Un troyano añadido a la base de virus Dr.Web como Trojan.Click3.27430 es un programa nocivo destinado para falsificar el número de consultas de varios sitios web. Se difunde como si fuera una aplicación DynDNS que permite vincular un subdominio al equipo sin dirección IP estática. Para difundir el troyano, los malintencionados crearon un sitio web especial.

Desde este sitio web se descarga un archivo archivado que contiene un archivo ejecutable setup.exe que en realidad es un descargador. El mismo, a su vez, descarga de Internet otro archivo que se camufla por un archivo archivado ARJ. En realidad, este archivo es un dropper que instala en el sistema un troyano y la aplicación real DynDNS. Si posteriormente el usuario decide desinstalarlo del equipo infectado, será eliminado solo el programa DynDNS, y Trojan.Click3.27430 permanecerá en el sistema y seguirá con su actividad nociva.
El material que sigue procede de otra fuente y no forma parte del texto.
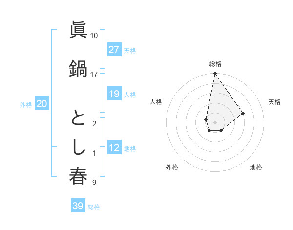 眞鍋 とし春さんを姓名の画数から五運を鑑定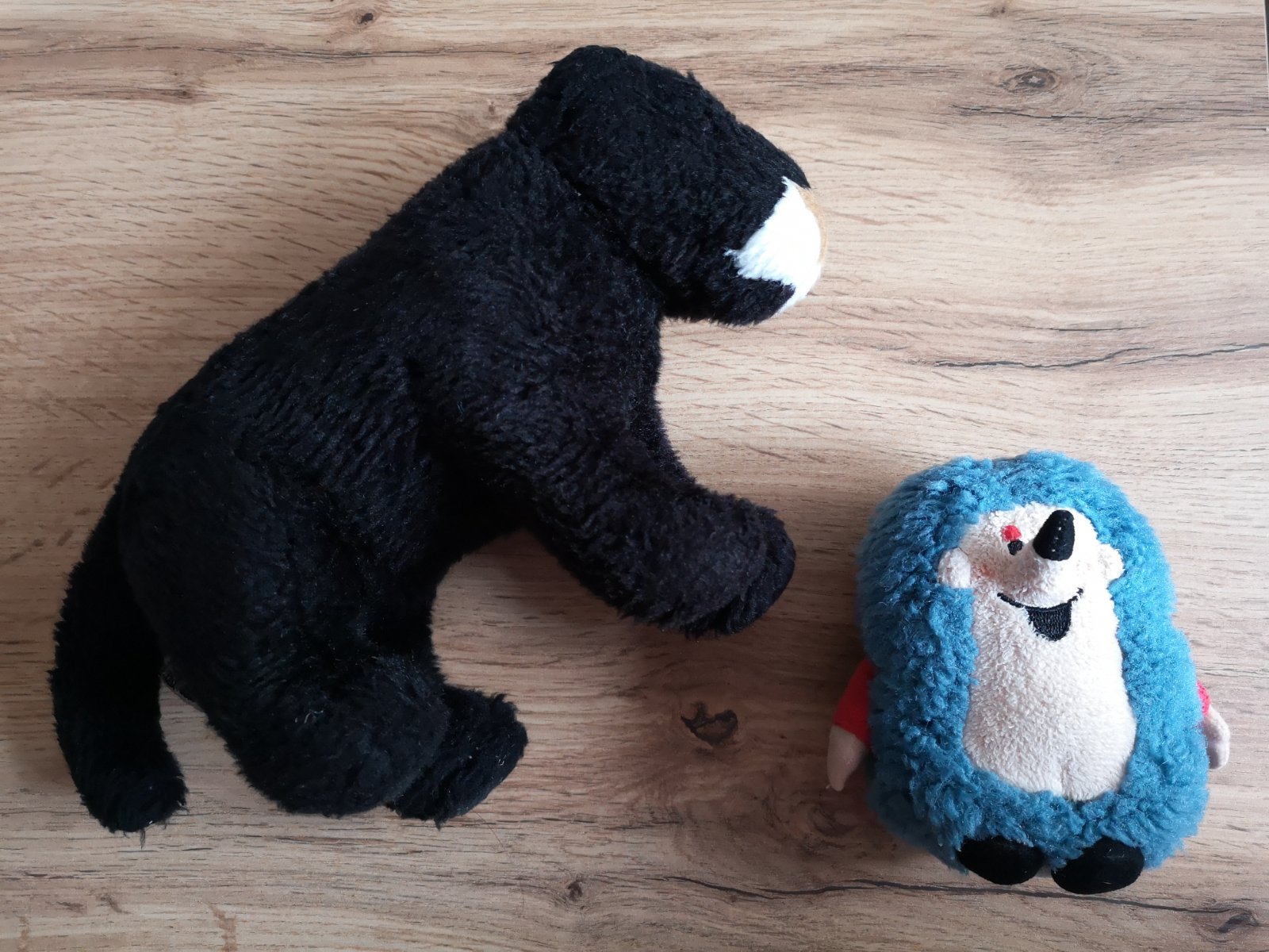 Veľkosť: ježko cca 12cm, psík čierny cca 20cm, s chvostom cca 27cm

La información más detallada sobre este troyano y las peculiaridades de su funcionamiento puede consultarse en el artículo publicado en nuestro sitio web.
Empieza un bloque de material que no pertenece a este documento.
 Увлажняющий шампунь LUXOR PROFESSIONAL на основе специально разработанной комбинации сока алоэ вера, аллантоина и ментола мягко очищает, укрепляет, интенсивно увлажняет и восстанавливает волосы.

Según los servidores de estadísticas Doctor Web

Trojan.SpyBot.699

Un troyano bancario multimódulo. Permite a los ciberdelincuentes descargar e iniciar en el equipo infectado varias aplicaciones y ejecutar los comandos recibidos de las mismas. El troyano sirve para robar dinero de las cuentas bancarias.

JS.DownLoader

Una familia de scripts nocivos creados en JavaScript. Descargan e instalan en el equipo otros programas nocivos.

JS.Miner

Una familia de scripts en JavaScript destinados para la obtención oculta (mining) de la criptomoneda.

Trojan.MulDrop

Un representante de la familia de troyanos destinados para instalar otros programas nocivos en el equipo infectado.

Trojan.Encoder.11432

Un gusano cifrador, también conocido como WannaCry.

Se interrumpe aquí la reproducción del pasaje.